Leasing space for your practice is one of the most important decisions you will make when you open or relocate your dental practice or healthcare clinic. Here are a few of the frequently asked questions that we hear about from our clients about their commercial leases in Canada. You can always refer to the Canadian Commercial Tenancies Act for in-depth information.

If something breaks, who is responsible for the repairs? This is a lease point agreed upon when at the time of lease preparation. Every lease is different. Usually, the landlord agrees to only pay for structural repairs, while other repairs such as plumbing and heating are tenant responsibility.

Is the landlord allowed to have a key and can they enter my leased space at will? The landlord may only have a key to your facility if you approve it. Likewise, the landlord may not enter your space without your approval.

My lease states that the landlord pays the utilities, but I was just notified of pending disconnection due to nonpayment. Since they are not paying them, should I stop paying rent? No, if you stop paying rent, then the landlord can start proceedings to evict you. Your only options are to either to pay the utilities and then file a claim in Small Claims Court against the landlord or go to Superior Court of Justice and request a court order forcing payment or reimbursement.

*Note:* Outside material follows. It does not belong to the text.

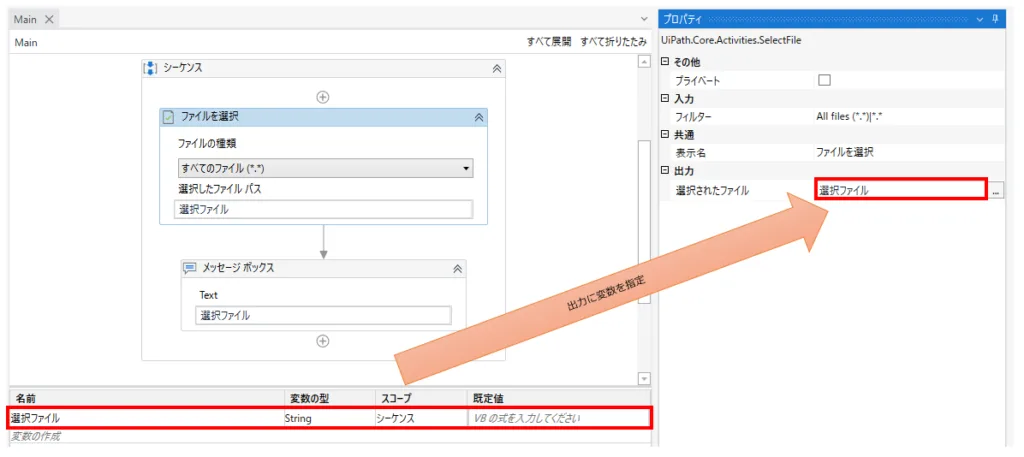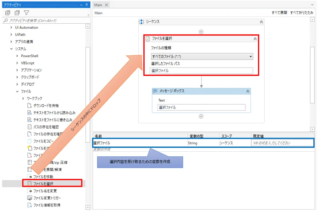 UiPath ファイルを選択 アクティビティ

My lease has expired and my landlord has not presented a new lease. I intend to stay, so does this mean the lease continues on a month to month basis? No, if a new lease is not signed and there is no auto-renewal clause in the lease, then all rights and obligations have expired for both parties. It is important to get a new lease in place as soon as possible to protect your interests.

I am getting ready to move out of my leased space. What do I need to do? You are usually required to leave the space in a condition close to what it was when you moved in. Normal wear and tear occurs, but if there is any damage to the property or if the lease requires that installed fixtures or renovations be removed, contact us and we can help. Failing to make repairs or causing a financial loss to the landlord can result in the landlord suing you for damages.

Having the lease prepared or reviewed by an attorney before you sign and then understanding how to use the lease throughout your tenancy will help you deal with any issues as they arise.